Cuáron filma com intenso detalhe toda a doçura que Cleo dedica às crianças, assim numa espécie de amor incondicional pelos filhos dos outros. A mixteca que terá pouco mais que 16 anos, expressa por vezes uma certa alegria infantil, criando uma lógica de identificação e proximidade com as crianças, apesar da permanente postura de responsabilidade. O carinho dos gestos, a forma como lhes canta canções de embalar, o cuidado com que as trata é imperturbável, e por isso surge tão óbvia a relação de reciprocidade permanente entre ela e as crianças. Aliás, a cena que partilha com Pepe no terraço da casa é de uma serenidade e beleza incrível. 

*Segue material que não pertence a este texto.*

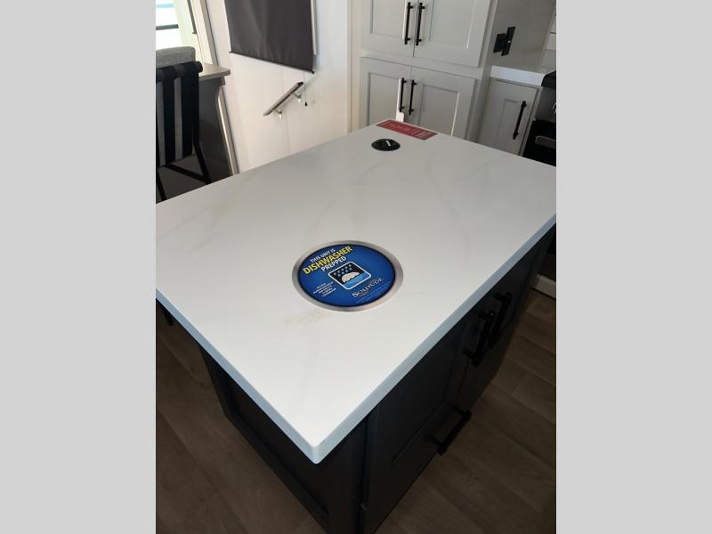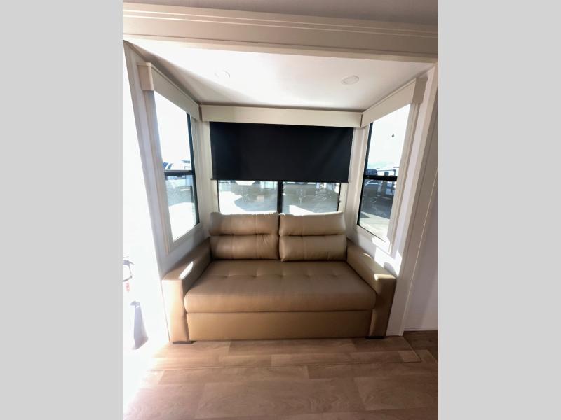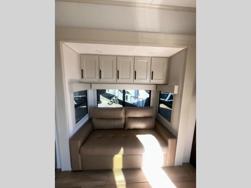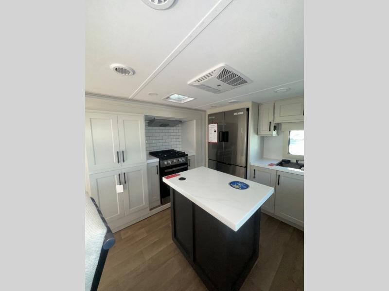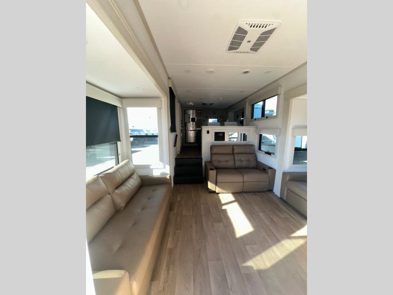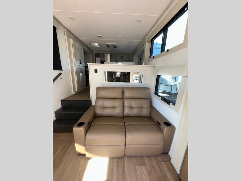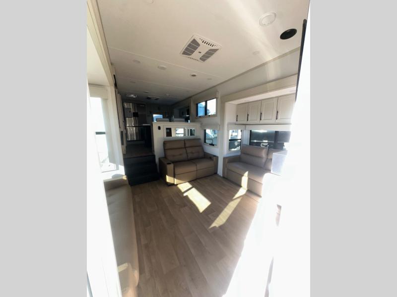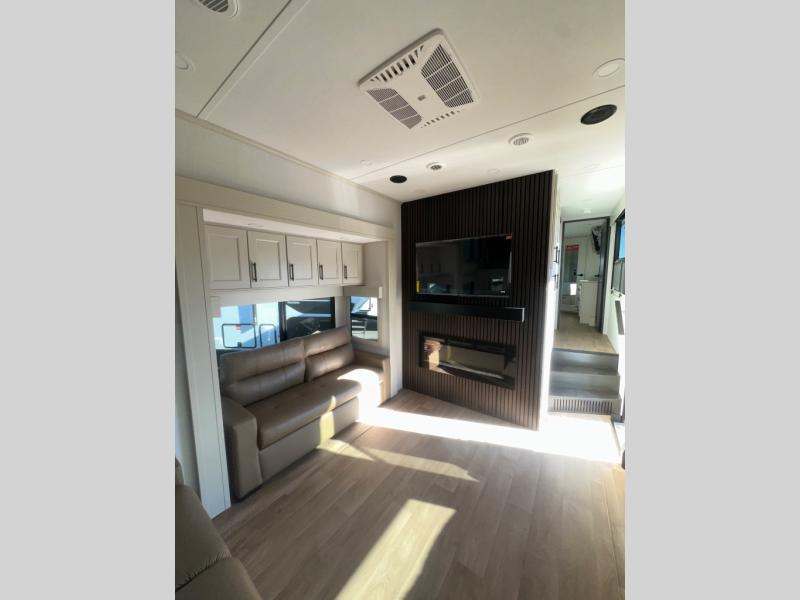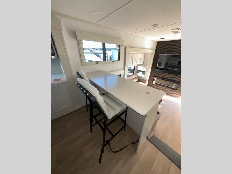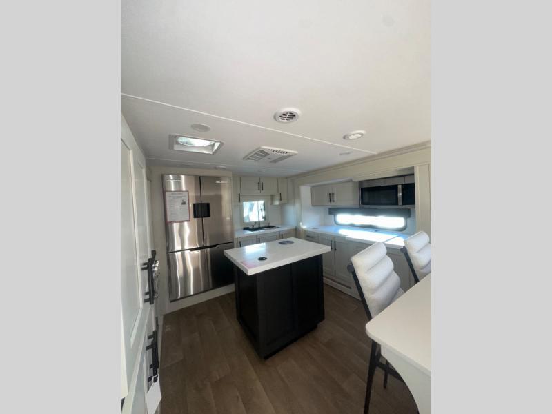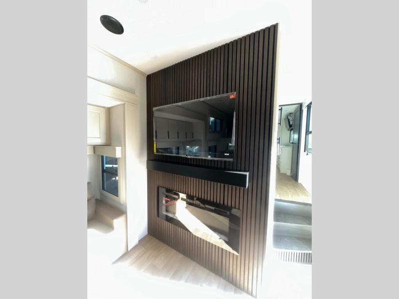 Enjoy each and every vacation, month-long trips, or even extended stays at an RV park in this spacious fifth wheel! The raised rear kitchen gives the cook plenty of room to whip up any type of meal using the stainless steel appliances including a built-in oven, an oversized pantry, and the raised bar top will provide you even more counter space on top of dining with two chairs that overlook the middle living area. Relaxing is made easy thanks to two tri-fold sofas and theatre seating while watching the big game on the LED Smart TV and enjoying the fireplace below. At night, retire to your own queen bed which slides out to provide more floor space, and you can store your clothes in the slide top dresser and front closet with washer and dryer prep.
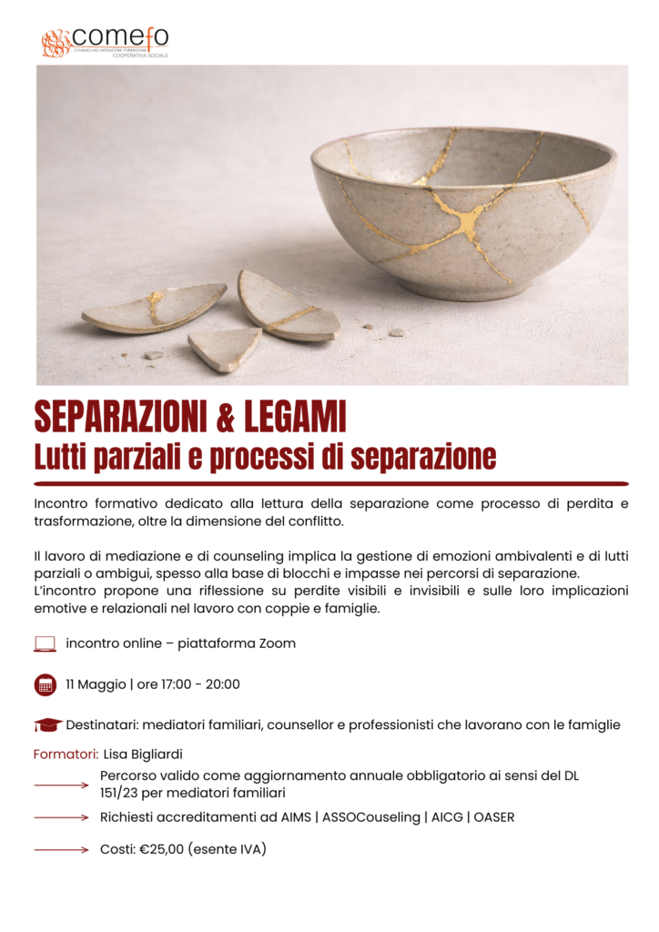 COMEFO è una società cooperativa che nasce dalla voglia di un gruppo di professionisti di diverse discipline di confrontarsi e condividere le esperienze da tempo maturate nel counselling, nella formazione, nella mediazione e nella progettazione di nuove forme di relazione di aiuto.

Igualmente imprevisível é a evolução da personagem da Mãe, que surge numa figura fragilizada e deprimida, mas que gradualmente vai ganhando força e assumindo poder, revelando assertividade nas decisões para responder à degradação das condições materiais da família, à ausência do Pai, à gravidez não planeada da criada. De fraca a forte, quando num momento de grande tensão e perante a tristeza das crianças, as informa que o Pai não voltará a casa, mas obviamente os ama muito e sente a sua falta. Segura as crianças dizendo-lhes que “vão haver muitas mudanças, mas estamos juntos”.

Algumas críticas ao filme referem que Cuáron reproduz sem questionar as relações de poder numa sociedade profundamente estratificada, colocando a indígena no lugar de mártir e não de força. Ao longo das mais de duas horas de filme nunca o senti. Pelo contrário, senti com Cleo a personificação de uma determinação serena, visível no momento em que procura Fermin e o confronta com a paternidade, e sobretudo no momento épico em que entra mar adentro. As várias referências e denúncias de injustiças sociais e violência organizada que vão surgindo no filme, sempre pela voz dos indígenas, contraria também essa visão paternalista do realizador. A retirada de terras aos povos indígenas, como acontece com a mãe de Cleo; a fotografia crua das condições de vida nos pueblos e zonas pobres; a tomada de consciência individual da criada mais velha quando regista que as criadas da cidade passam a achar-se patroas; ou o aproveitamento da miséria para recrutar mercenários, rebate esta crítica. A reconstituição impressiva do massacre de Corpus Christ, onde a 10 de junho de 1971 centenas de estudantes foram barbaramente assassinados por mercenários e paramilitares treinados pelos EUA, e com a precipitação do parto de Cleo, é um evidente sinal de preservação da memória coletiva sobre a brutalidade do acontecimento acumulado com o desespero individual de uma mulher grávida. 

Alfonso Cuáron dedicou o Leão de Ouro, conquistado no último Festival de Veneza, a Libo, a sua ama mixteca. Pepe confessa a Cleo que sonhou ser muito velhinho, mas que ela estava lá, sempre ao seu lado. Será impossível ter noção de quantas Cleos ofereceram humanidade ao mundo, mas continuam a ser muitas, todas aquelas que sem ter tempo para amar os seus, amam incondicionalmente os filhos dos outros.

*Publicado na edição de 23 de Dezembro do Diário de Notícias.